━━ Collected data ━━

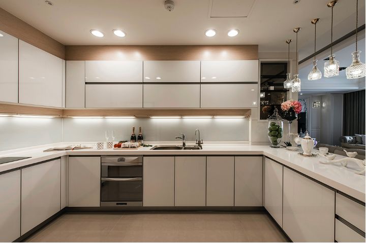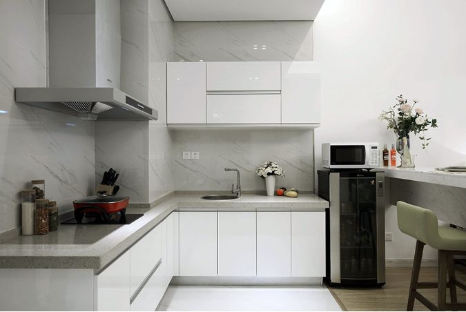 首先来说下厨房的整体设计。随着时代发展与生活方式的改变,厨房早已打破了只能用来做饭的“身份”限制,被赋予了更多可能性,比如,在厨房我们可以团聚、社交、工作……因此,厨房整体的美观性就显得非常重要。一般情况下,厨房空间的整体配色最好控制在3种以内,这样看起来比较干净和高级。如果厨房面积比较小,橱柜就是空间配色的主题,最好选择浅色调的橱柜来减少空间的压抑感,让厨房在视觉上更宽敞。如果厨房面积较大或者不知道选什么色调,可以选择黑白灰、米色、浅咖、木色等颜色,沉稳大气,简单干净,而且不会出错。
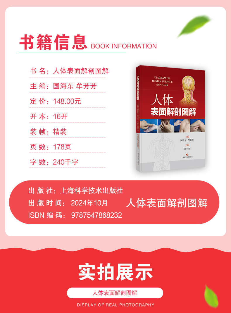 人体表面解剖图解 国海东等编 重要结构及血管 神经的体表投影 脊柱区表面解剖 上肢表而解剖 9787547868232上海科学技术出版社
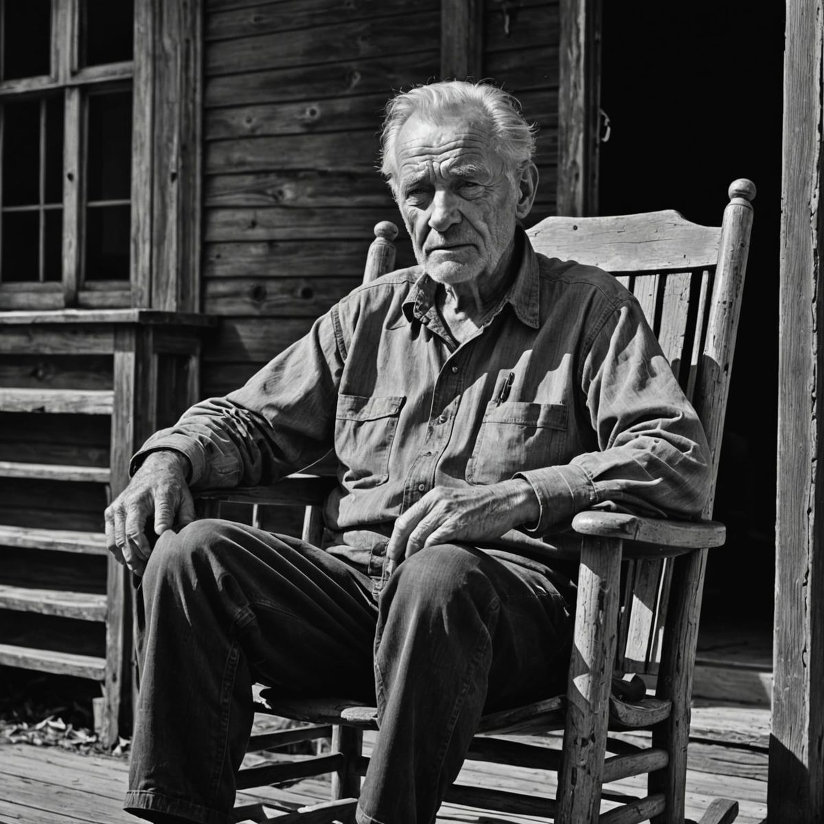 A hyperrealistic black and white photograph of an elderly man with a wrinkled face relaxing on a weathered porch in a rocking chair. The image showcases dramatic side lighting and intricate detail.

━━━

What is expected: Restate all of the material above word for word. Pictures do not belong in it.

Reply to the exercise:
 首先来说下厨房的整体设计。随着时代发展与生活方式的改变,厨房早已打破了只能用来做饭的“身份”限制,被赋予了更多可能性,比如,在厨房我们可以团聚、社交、工作……因此,厨房整体的美观性就显得非常重要。一般情况下,厨房空间的整体配色最好控制在3种以内,这样看起来比较干净和高级。如果厨房面积比较小,橱柜就是空间配色的主题,最好选择浅色调的橱柜来减少空间的压抑感,让厨房在视觉上更宽敞。如果厨房面积较大或者不知道选什么色调,可以选择黑白灰、米色、浅咖、木色等颜色,沉稳大气,简单干净,而且不会出错。
 人体表面解剖图解 国海东等编 重要结构及血管 神经的体表投影 脊柱区表面解剖 上肢表而解剖 9787547868232上海科学技术出版社
 A hyperrealistic black and white photograph of an elderly man with a wrinkled face relaxing on a weathered porch in a rocking chair. The image showcases dramatic side lighting and intricate detail.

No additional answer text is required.